ACTIVITY: Retype the listing below line for line, but only from the line with "La hija de Michael" down to the line with "油热下入10g姜,五百克鸡肉", inclusive. Pictures stay out.

++++++++++++++++++++

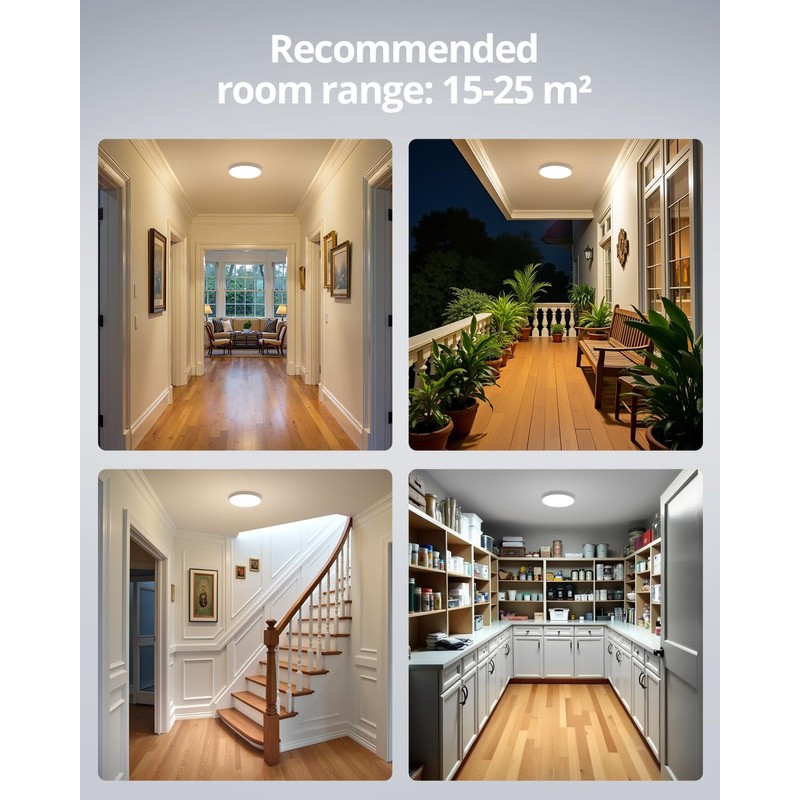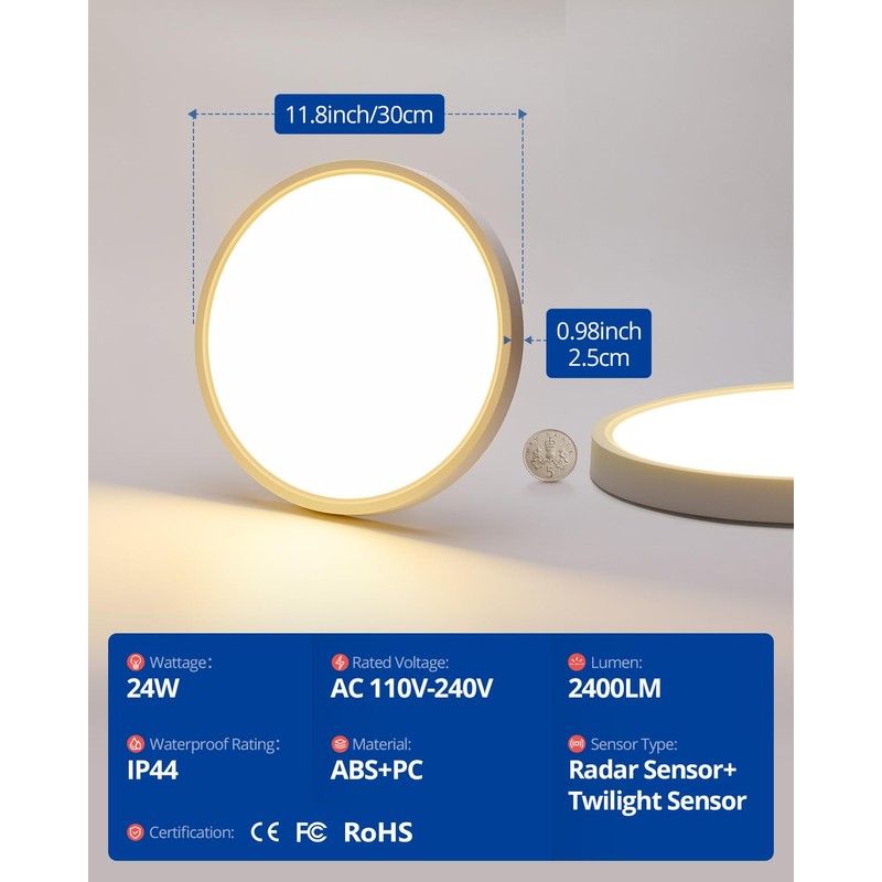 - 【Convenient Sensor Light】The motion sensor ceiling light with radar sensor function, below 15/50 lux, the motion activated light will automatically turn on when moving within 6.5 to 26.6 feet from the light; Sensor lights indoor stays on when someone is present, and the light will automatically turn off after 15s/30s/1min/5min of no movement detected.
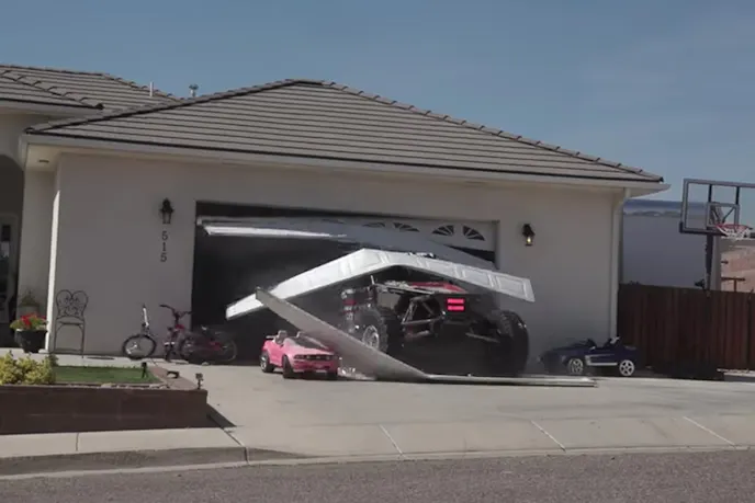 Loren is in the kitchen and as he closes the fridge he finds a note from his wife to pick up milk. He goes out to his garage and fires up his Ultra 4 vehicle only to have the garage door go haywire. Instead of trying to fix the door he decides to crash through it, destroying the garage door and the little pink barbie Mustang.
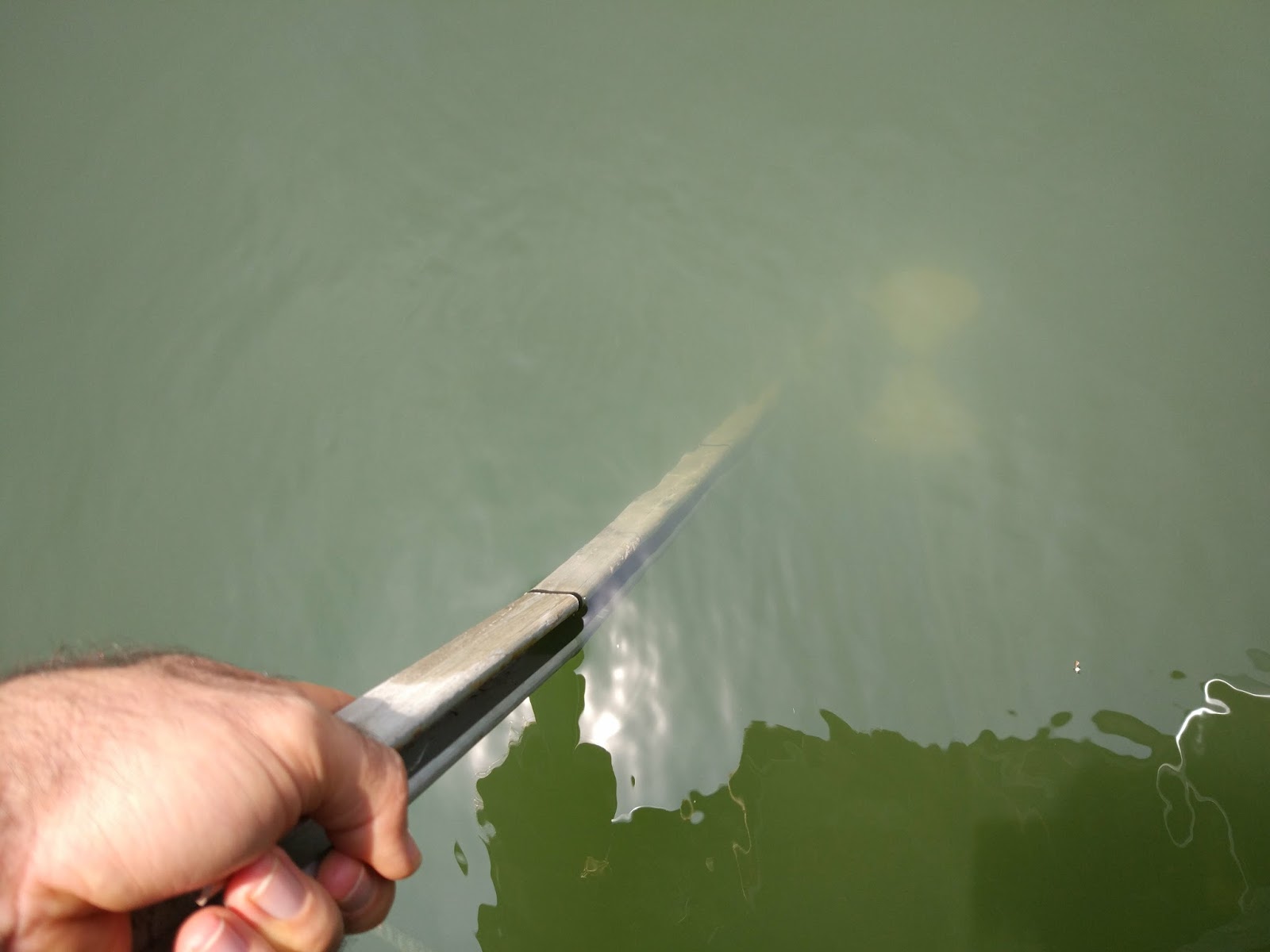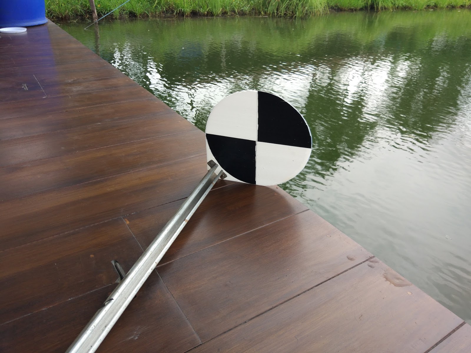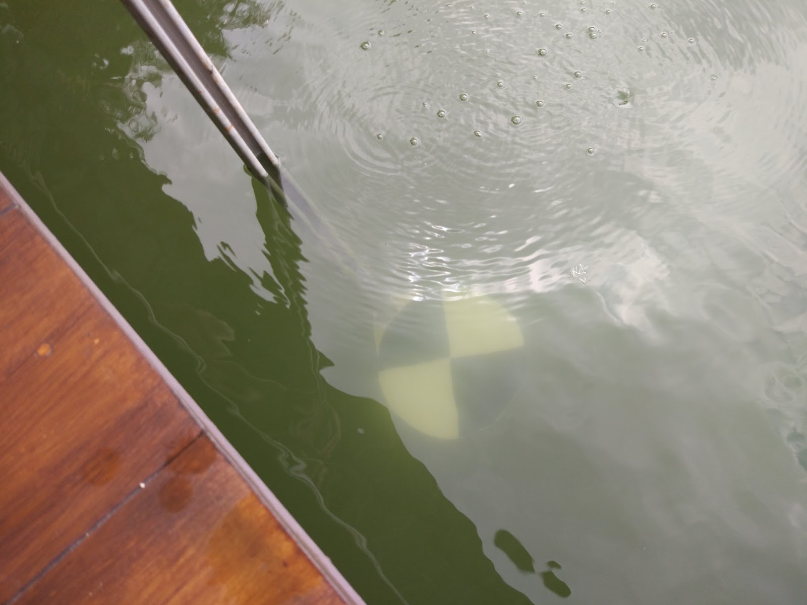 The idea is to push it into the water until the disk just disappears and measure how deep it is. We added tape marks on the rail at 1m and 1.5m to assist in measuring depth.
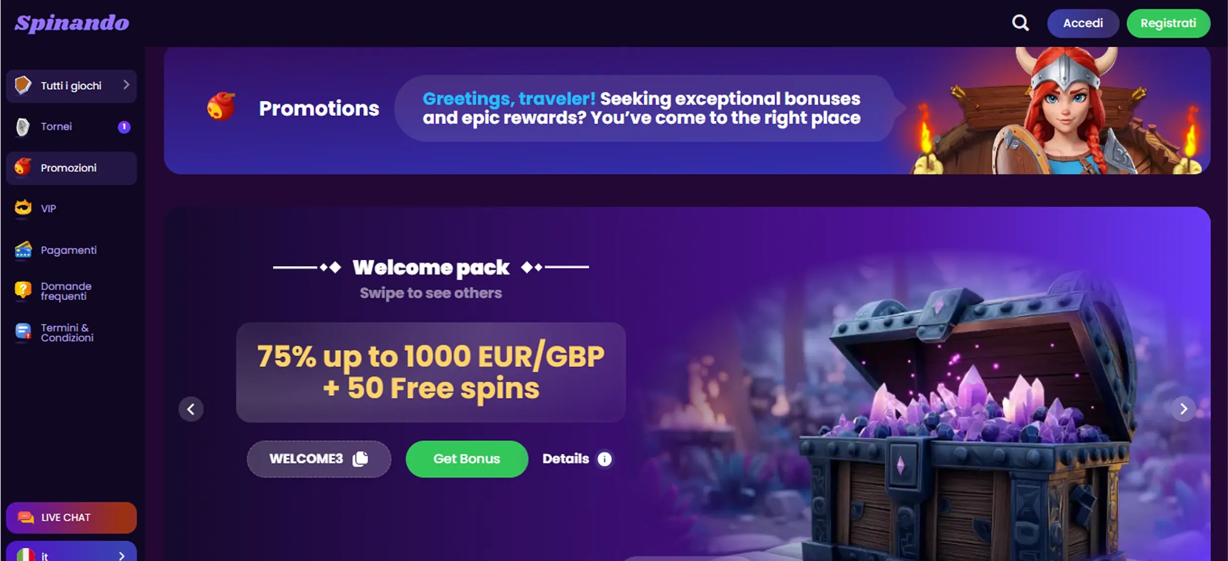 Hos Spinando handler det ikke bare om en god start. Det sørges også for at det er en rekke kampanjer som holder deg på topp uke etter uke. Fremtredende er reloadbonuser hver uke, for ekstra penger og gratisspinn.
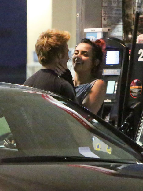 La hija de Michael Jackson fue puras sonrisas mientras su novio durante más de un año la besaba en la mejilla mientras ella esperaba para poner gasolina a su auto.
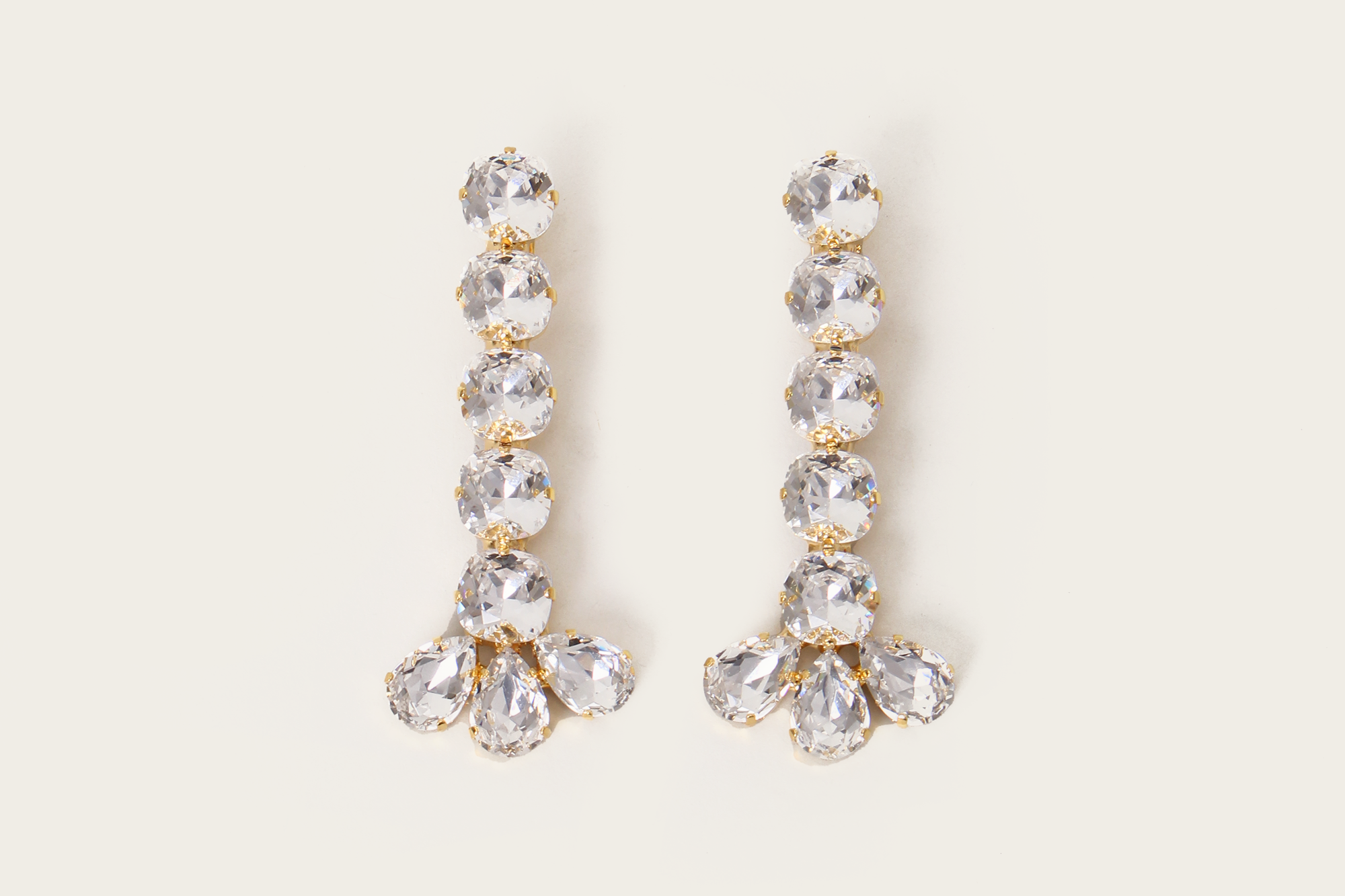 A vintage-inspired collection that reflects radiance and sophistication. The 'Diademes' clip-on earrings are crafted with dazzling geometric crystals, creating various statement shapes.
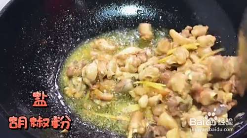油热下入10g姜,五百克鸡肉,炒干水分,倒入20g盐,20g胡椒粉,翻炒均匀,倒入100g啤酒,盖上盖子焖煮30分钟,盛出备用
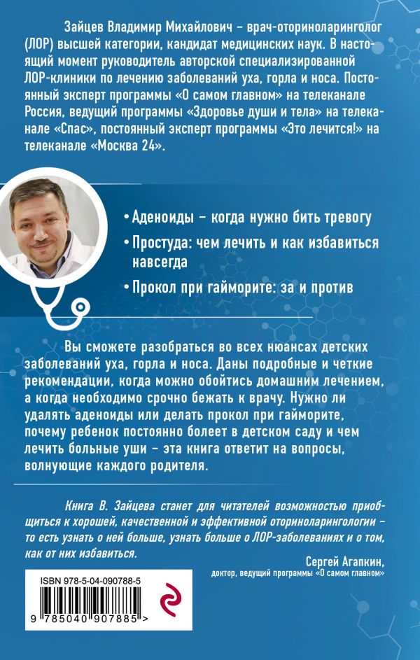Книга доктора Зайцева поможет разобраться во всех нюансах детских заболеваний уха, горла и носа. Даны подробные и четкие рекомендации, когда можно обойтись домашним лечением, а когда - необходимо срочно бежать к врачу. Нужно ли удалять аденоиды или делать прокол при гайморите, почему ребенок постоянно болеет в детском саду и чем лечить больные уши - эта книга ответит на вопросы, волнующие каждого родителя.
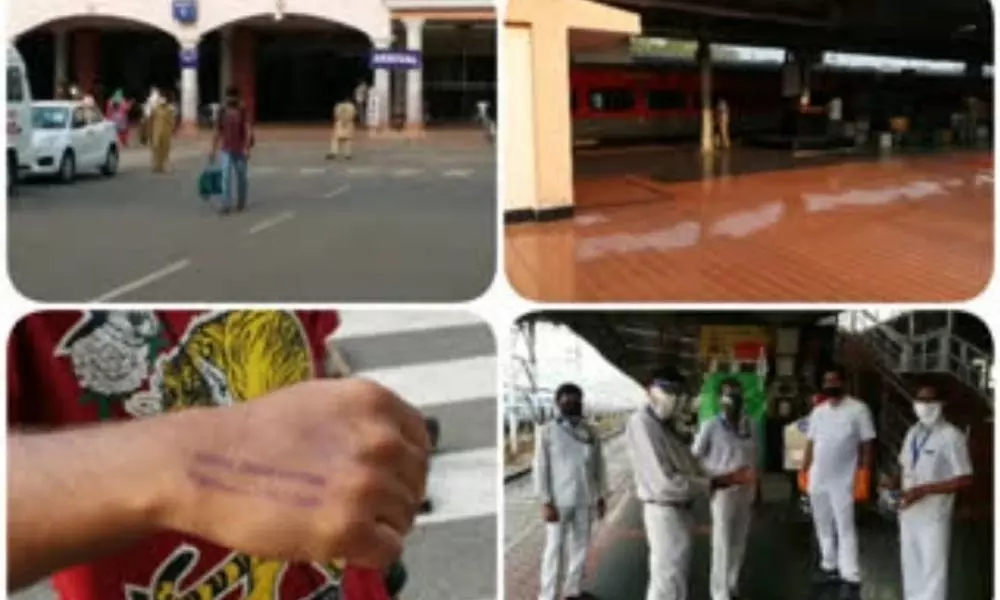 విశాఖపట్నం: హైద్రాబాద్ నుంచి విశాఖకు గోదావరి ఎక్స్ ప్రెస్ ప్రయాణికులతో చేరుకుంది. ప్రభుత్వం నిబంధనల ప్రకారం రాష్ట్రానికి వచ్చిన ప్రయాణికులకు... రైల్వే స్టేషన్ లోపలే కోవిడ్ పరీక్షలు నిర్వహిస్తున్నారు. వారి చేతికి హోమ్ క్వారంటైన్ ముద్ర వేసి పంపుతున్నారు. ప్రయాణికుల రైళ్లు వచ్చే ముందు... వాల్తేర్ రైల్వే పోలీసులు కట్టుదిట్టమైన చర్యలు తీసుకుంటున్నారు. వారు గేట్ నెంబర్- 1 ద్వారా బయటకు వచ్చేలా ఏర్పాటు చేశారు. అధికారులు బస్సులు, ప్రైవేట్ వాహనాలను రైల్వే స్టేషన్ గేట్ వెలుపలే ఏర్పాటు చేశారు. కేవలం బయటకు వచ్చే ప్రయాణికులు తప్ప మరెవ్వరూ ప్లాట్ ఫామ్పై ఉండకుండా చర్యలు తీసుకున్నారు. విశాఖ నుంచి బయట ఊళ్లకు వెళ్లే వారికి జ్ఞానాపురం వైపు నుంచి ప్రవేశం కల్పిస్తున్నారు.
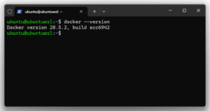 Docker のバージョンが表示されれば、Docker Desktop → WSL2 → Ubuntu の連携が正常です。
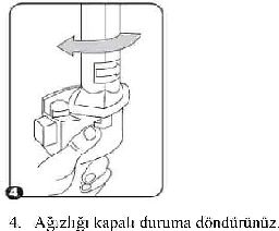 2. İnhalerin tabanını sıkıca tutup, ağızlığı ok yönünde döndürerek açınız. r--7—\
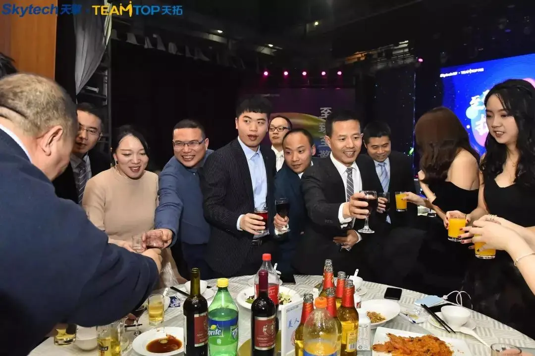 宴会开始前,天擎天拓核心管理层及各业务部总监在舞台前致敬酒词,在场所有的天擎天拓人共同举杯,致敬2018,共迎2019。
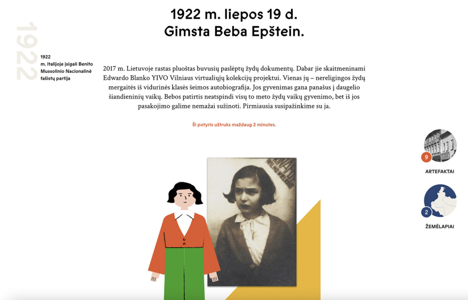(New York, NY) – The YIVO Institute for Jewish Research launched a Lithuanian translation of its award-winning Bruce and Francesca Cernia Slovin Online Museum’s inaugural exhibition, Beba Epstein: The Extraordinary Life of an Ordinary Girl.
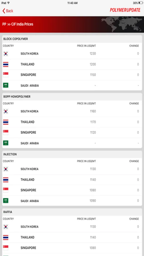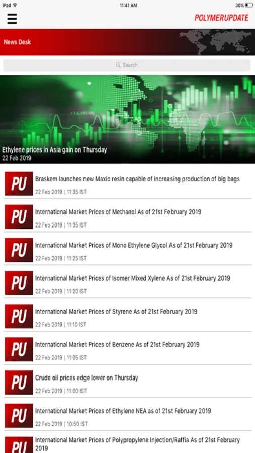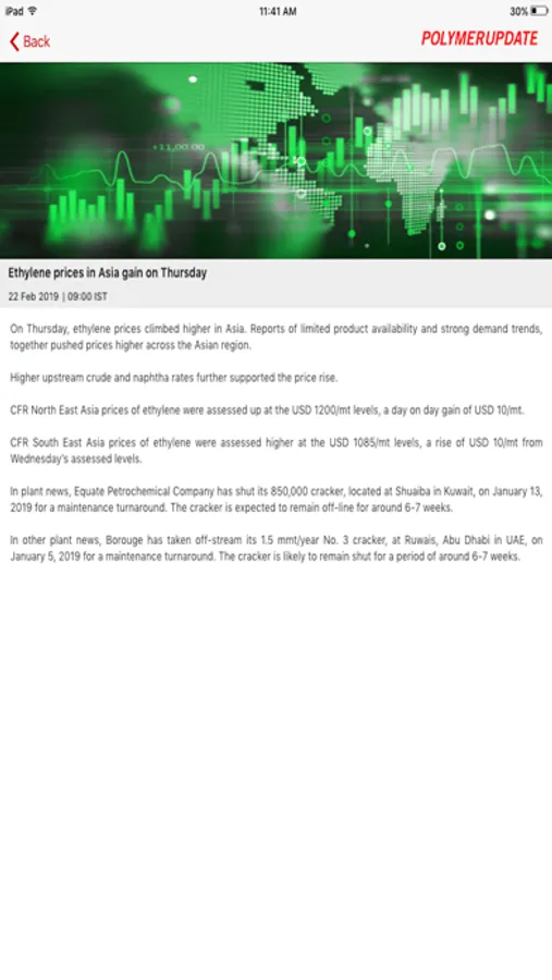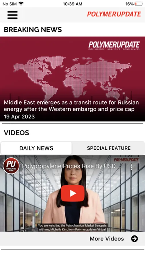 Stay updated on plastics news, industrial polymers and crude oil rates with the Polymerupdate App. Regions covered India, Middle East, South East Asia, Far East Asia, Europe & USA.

++++++++++++++++++++

SOLUTION TO THIS EXERCISE:
 La hija de Michael Jackson fue puras sonrisas mientras su novio durante más de un año la besaba en la mejilla mientras ella esperaba para poner gasolina a su auto.
 A vintage-inspired collection that reflects radiance and sophistication. The 'Diademes' clip-on earrings are crafted with dazzling geometric crystals, creating various statement shapes.
油热下入10g姜,五百克鸡肉,炒干水分,倒入20g盐,20g胡椒粉,翻炒均匀,倒入100g啤酒,盖上盖子焖煮30分钟,盛出备用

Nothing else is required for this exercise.